Glossary

Yield Farming

The practice of strategically deploying cryptocurrency across DeFi protocols to maximize returns through interest, fees, and token rewards.

Detailed Explanation

Yield farming involves moving assets between DeFi protocols to capture the best available returns. Farmers provide liquidity to DEXs, lend on money markets, stake governance tokens, and participate in incentive programs. Returns come from trading fees, borrowing interest, protocol token emissions, and liquidity mining rewards. Advanced strategies involve leveraged farming, recursive borrowing, and multi-protocol positions to amplify yields.

Why It Matters

Yield farming drove the DeFi Summer of 2020 and remains a primary use case for decentralized finance. It provides higher returns than traditional savings accounts but carries substantial risks including impermanent loss, smart contract vulnerabilities, and token price depreciation. Understanding yield farming helps investors evaluate DeFi opportunities critically, distinguishing sustainable yields (from real protocol revenue) from unsustainable token-inflation yields.

Key Considerations

Yield farming requires active monitoring as rates change constantly. Gas costs can eat into profits, especially on Ethereum mainnet. Use yield aggregators like Yearn Finance that automatically optimize strategies across protocols. Track all positions carefully for tax reporting, as each harvest and compound event may be a taxable event.

Example

A farmer deposits $50,000 of ETH-USDC into a Uniswap liquidity pool, earning 0.3% on all trades. They also stake their LP tokens in a Convex vault for additional CRV and CVX rewards, achieving a combined yield of 12% APY across multiple reward streams.

Related Terms

Frequently Asked Questions

What is Yield Farming?

The practice of strategically deploying cryptocurrency across DeFi protocols to maximize returns through interest, fees, and token rewards.

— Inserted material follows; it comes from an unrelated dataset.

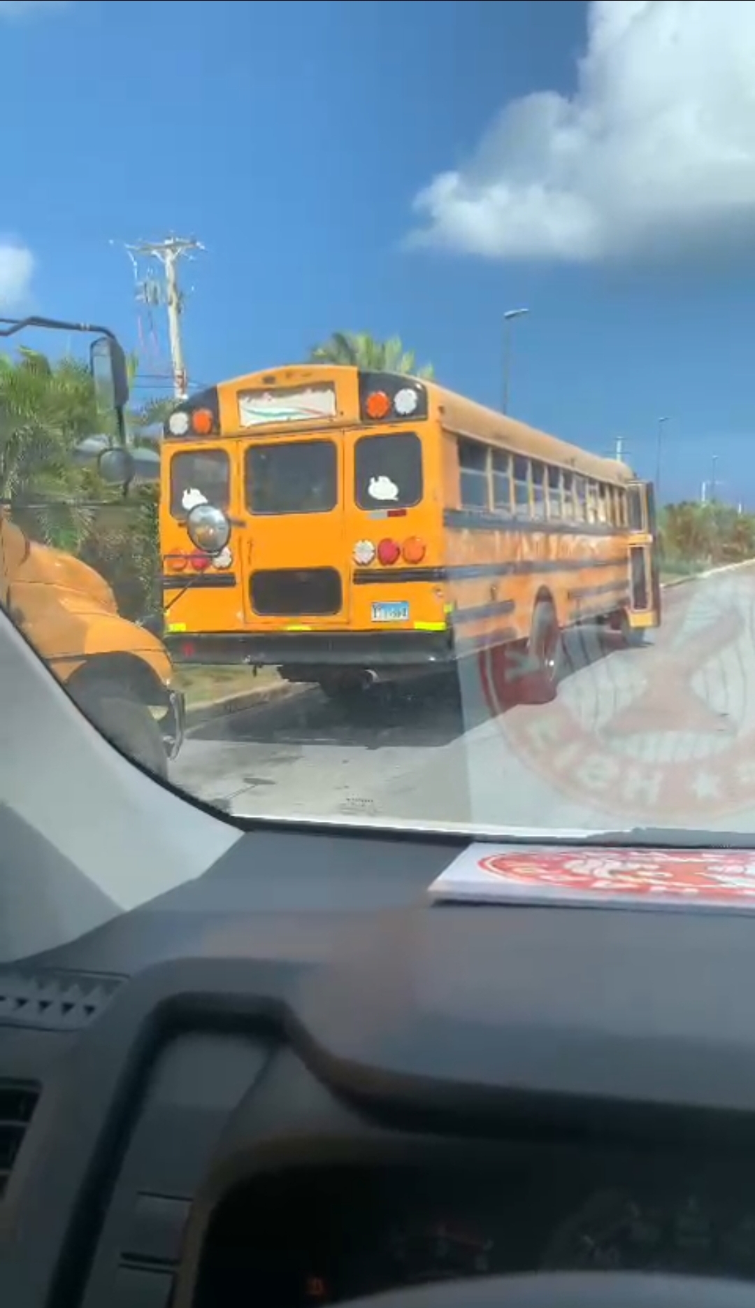 Tras el choque el afectado inició una persecución contra la guagua hasta llegar a uno de los hoteles de la zona. Según muestra en el vídeo la guagua amarilla tiene secuelas del supuesto accidente.

Why is Yield Farming important in crypto?

Yield farming drove the DeFi Summer of 2020 and remains a primary use case for decentralized finance.

Is yield farming worth it in 2026?

Yield farming remains viable but is more competitive than during DeFi Summer 2020. Focus on established protocols with real revenue rather than chasing unsustainable token emissions. Layer 2 networks have made yield farming more accessible by reducing gas costs significantly.